• _What needs to be done_: For the material below, reproduce exactly each line from the one that has "1 projecteur de" through the one that has "Esta moderna fete", and no others; pictures stay out.

· · ·

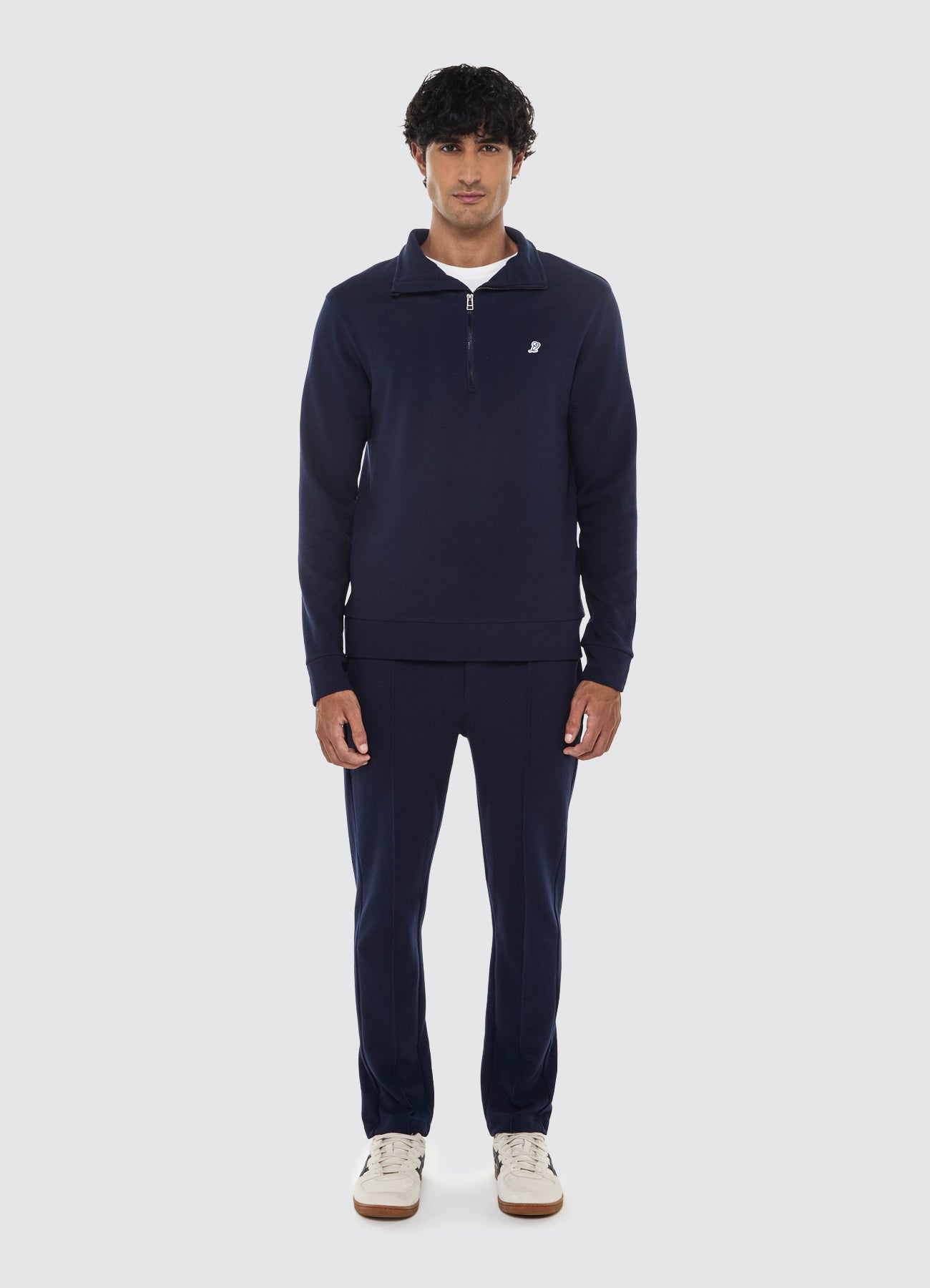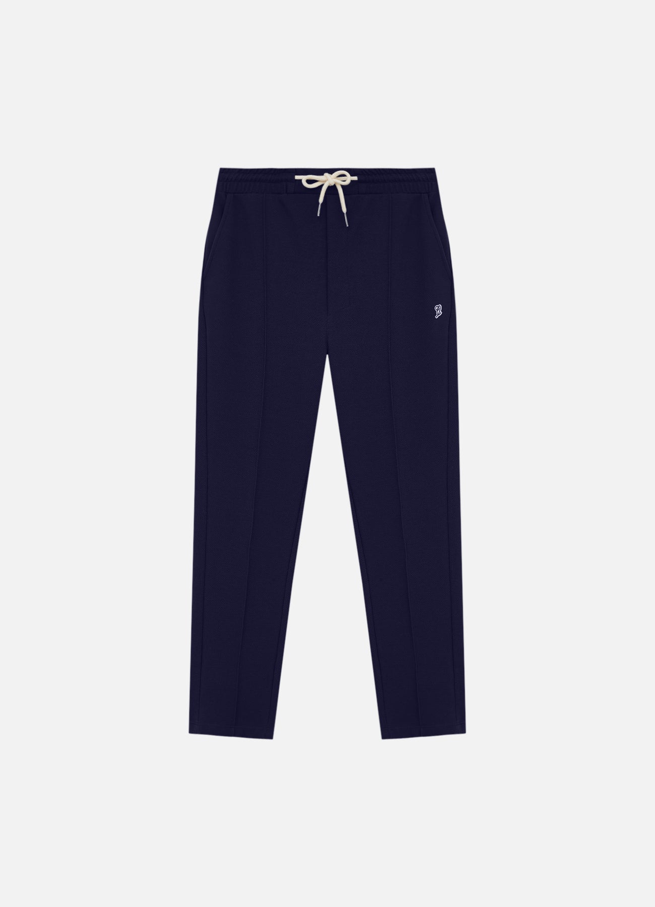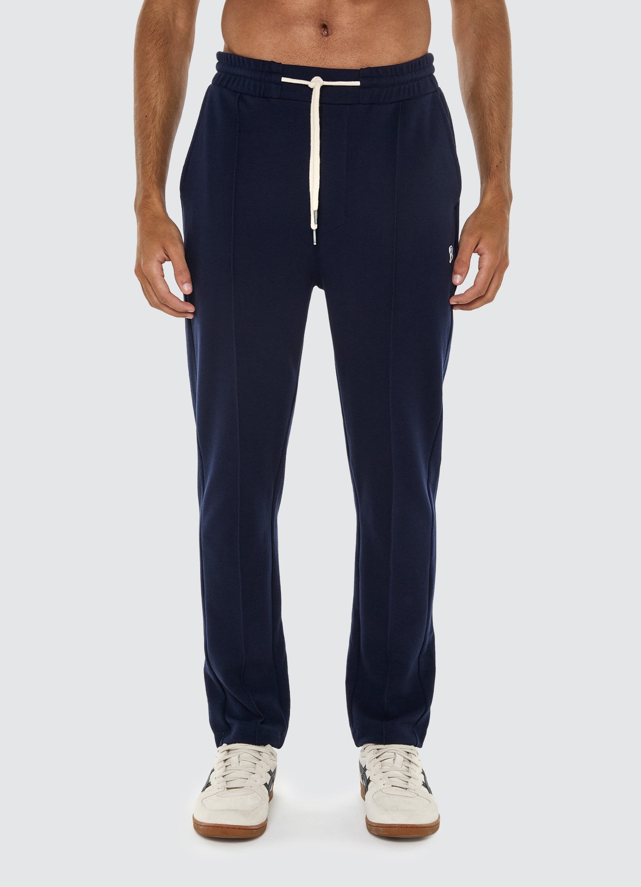 O vinco marcado na perna traz o caimento clássico da alfaiataria, enquanto o cós elástico com cordão ajustável oferece liberdade e praticidade com acabamento moderno. Uma peça que traduz o equilíbrio entre o casual e o sofisticado, com DNA esportivo.
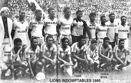 Nuit paisible et fraîche et lendemain tranquille. La direction est descendue nous chercher un petit déjeuner complet croissants au beurre (T-Bella Oyé !), crêpes et fruits… mais avant, décrassage sans problèmes… Après la bouffe réunion d’avant match puis défilé de tout ce que compte Union comme gros bonnets. Les primes pleuvent et après compilation, les sommes sonnent : 400 000 FCFA pour ceux qui auront foulé la pelouse et 250 000 FCFA pour les réservistes en cas de victoire. Les sourires se font larges sur les visages. Pour blaguer, Ngondiep met une cassette de l’oncle Otsama décrivant le match de Nya’Misoul FC.. On est morts de rire en parlant des Ma Lolo et autres mbianyak… 11 h 30, repas sacré et surtout tombée des équipement tout neufs… Le tract fait son entrée avec les maillots mais l’appétit est bon. Petite sieste et re-réunion au cours de laquelle Abong va donner sa liste des 16. Au courant, Yon me souffle « Ou nTòk »…(tu joues en basa’a). Mon sang vire !
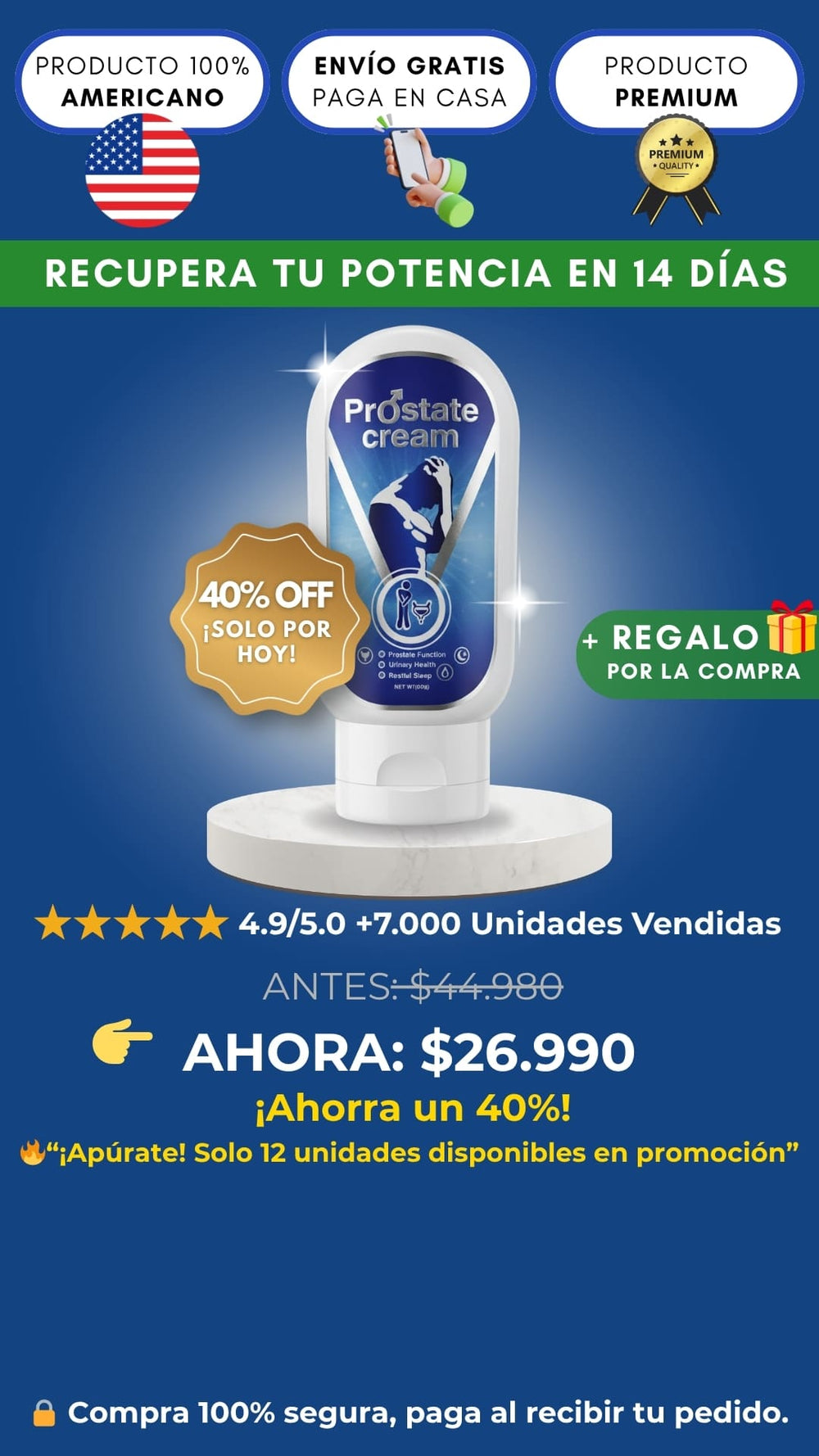 👉 Su uso constante ayuda a desinflamar la próstata, mejorar el flujo urinario y recuperar la vitalidad masculina.
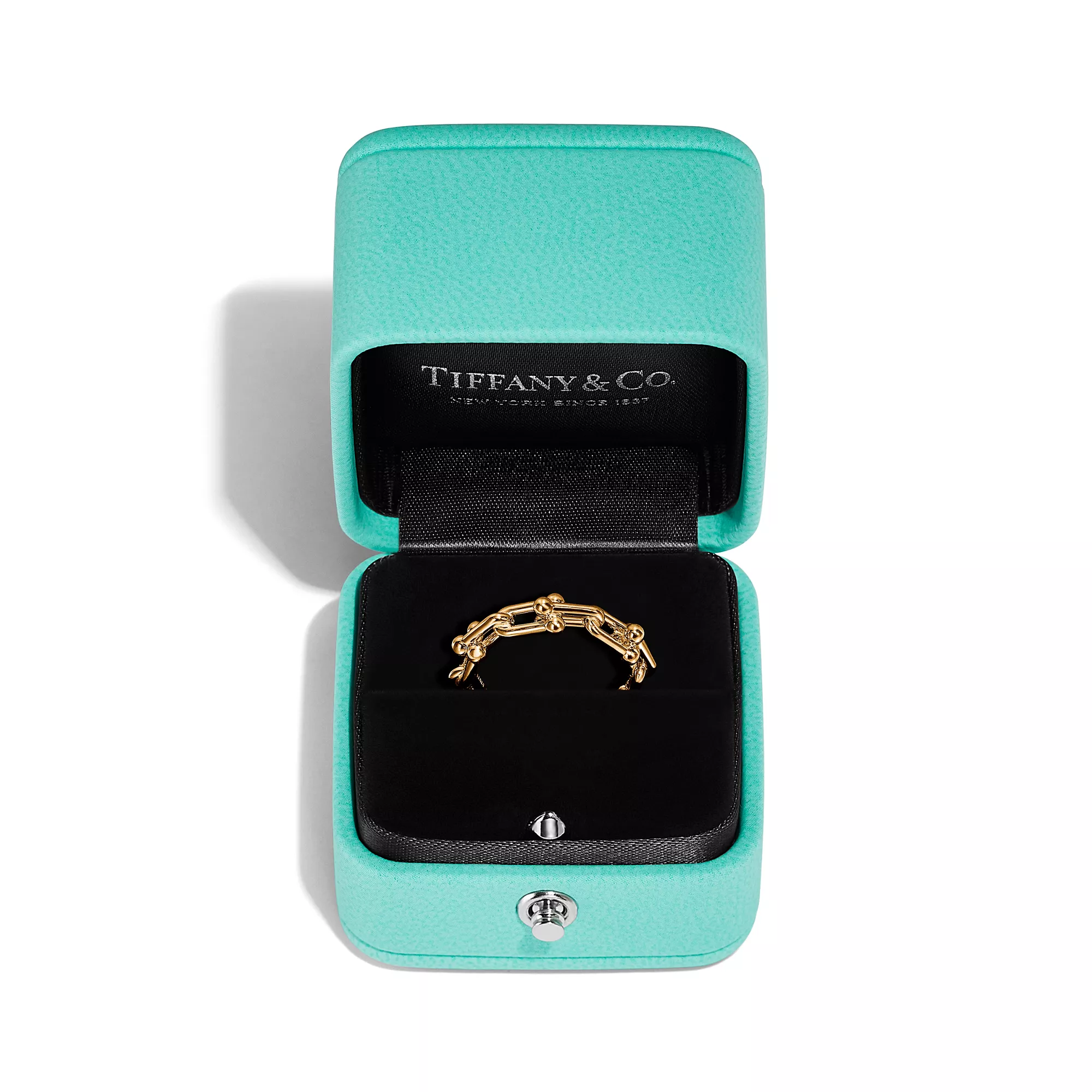 Tiffany HardWear est une ode au pouvoir transformateur de l’amour. Inspirée par un bracelet emblématique de 1962 tiré des archives de la Maison, la collection HardWear incarne une résilience à toute épreuve et un esprit désinhibé. Cette bague reprend le design à maillons emblématique de la collection en or jaune 18 carats. Éblouissante portée seule, elle s’associe parfaitement à d’autres bijoux en métaux variés.
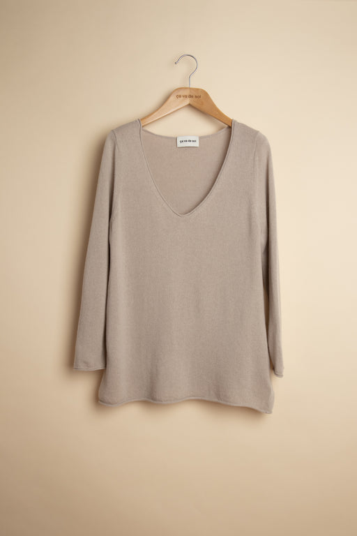This material is made of pure cashmere from Mongolia, an exceptional down resulting from a meticulous sorting by hand which aims to retain only the longest and finest fibres. The perfect beauty and elegance of this rare yarn are matched only by the pleasure of its soft warmth on the skin.
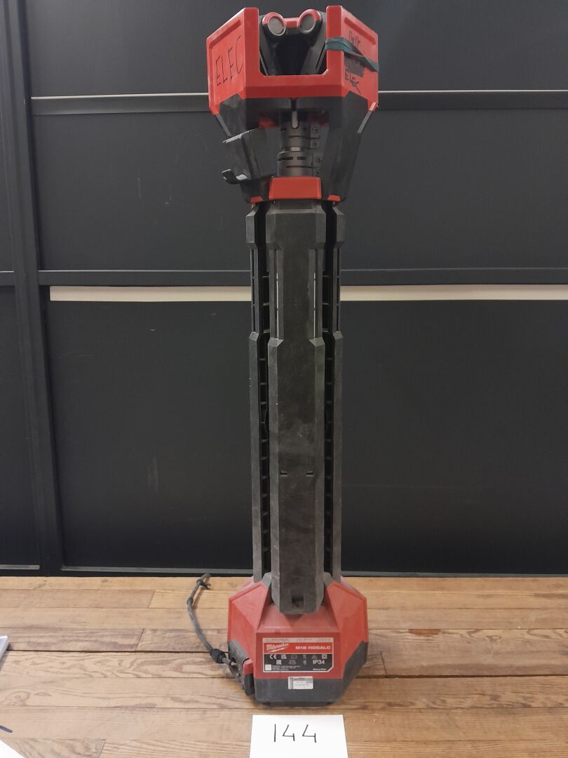 1 projecteur de chantier hybride ( filaire ou batterie ) avec trépied modèle M18 HOSALC-0 solo de marque MILWAUKEE sans batterie ni chargeur; on note un accrochage sur le fil d'alimentation, n/s 13524214
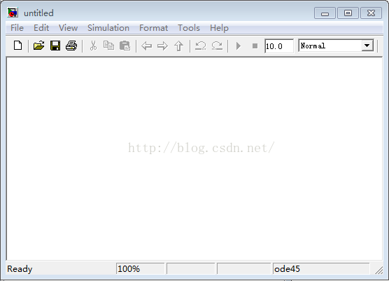 在仿真库浏览器窗口中选择菜单 File-New-Model;弹出一个仿真工作窗口;看下,默认仿真停止时间是10.0;
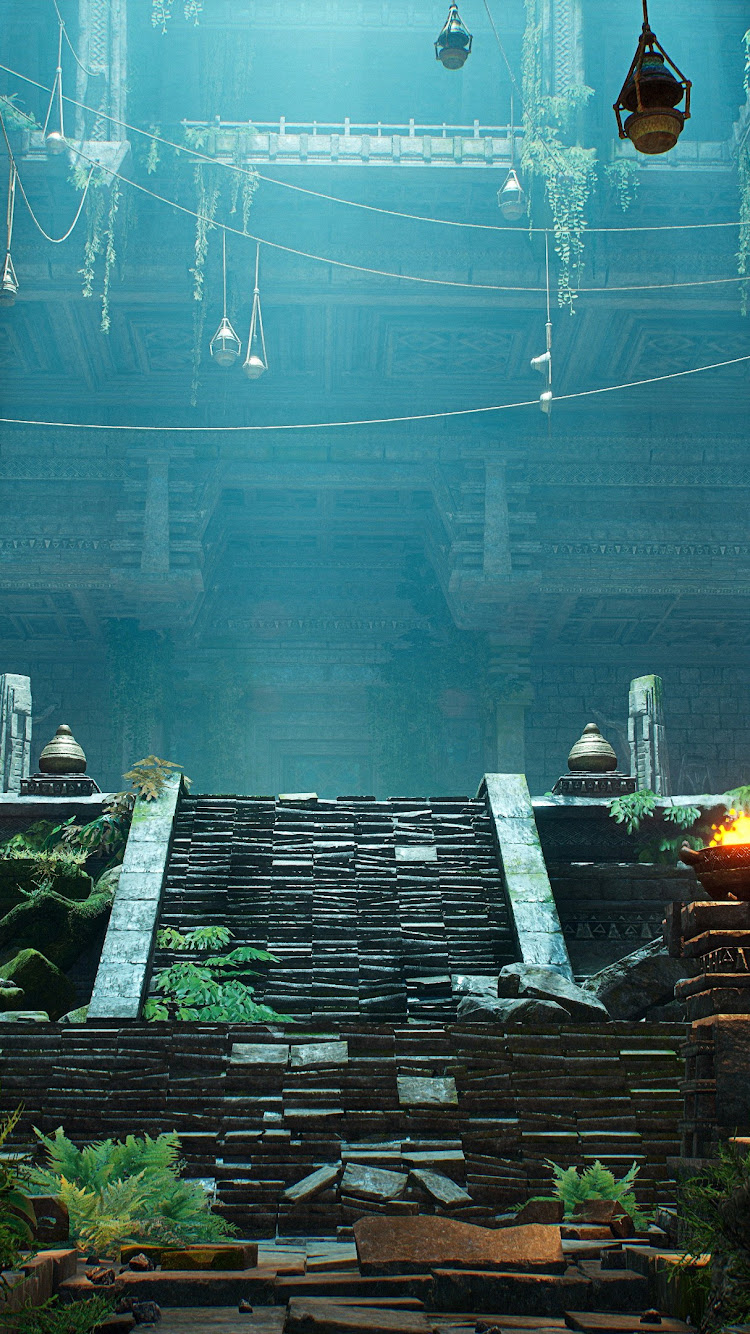 Lost Temple, Ancient Ruins, Jungle Scene, Fantasy Environment 4K Phone Wallpaper
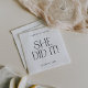 Esta moderna fete minimalista que hizo es perfecta para una simple fiesta de graduación. El diseño presenta una elegante tipografía boho con un toque sofisticado en blanco y negro minimalista. Personaliza tus servilletas de graduación con el nombre del graduado, y el año.
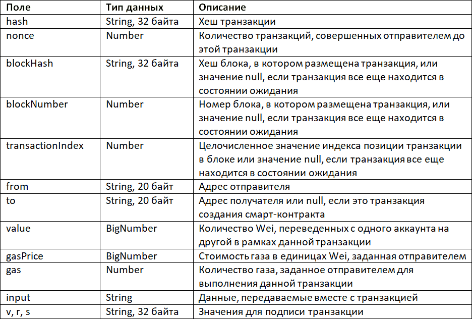 Содержимое полей gasPrice и gas имеет отношение к стоимости транзакции. Пока мы работаем с тестовой сетью, об этом можно не беспокоиться. Если кратко, то gasPrice содержит так называемую стоимость газа, который тратится на выполнение транзакции, а поле gas – количество газа, которое выделил отправитель для выполнения транзакции.

· · ·

• _Exercise output_:
 1 projecteur de chantier hybride ( filaire ou batterie ) avec trépied modèle M18 HOSALC-0 solo de marque MILWAUKEE sans batterie ni chargeur; on note un accrochage sur le fil d'alimentation, n/s 13524214
 在仿真库浏览器窗口中选择菜单 File-New-Model;弹出一个仿真工作窗口;看下,默认仿真停止时间是10.0;
 Lost Temple, Ancient Ruins, Jungle Scene, Fantasy Environment 4K Phone Wallpaper
 Esta moderna fete minimalista que hizo es perfecta para una simple fiesta de graduación. El diseño presenta una elegante tipografía boho con un toque sofisticado en blanco y negro minimalista. Personaliza tus servilletas de graduación con el nombre del graduado, y el año.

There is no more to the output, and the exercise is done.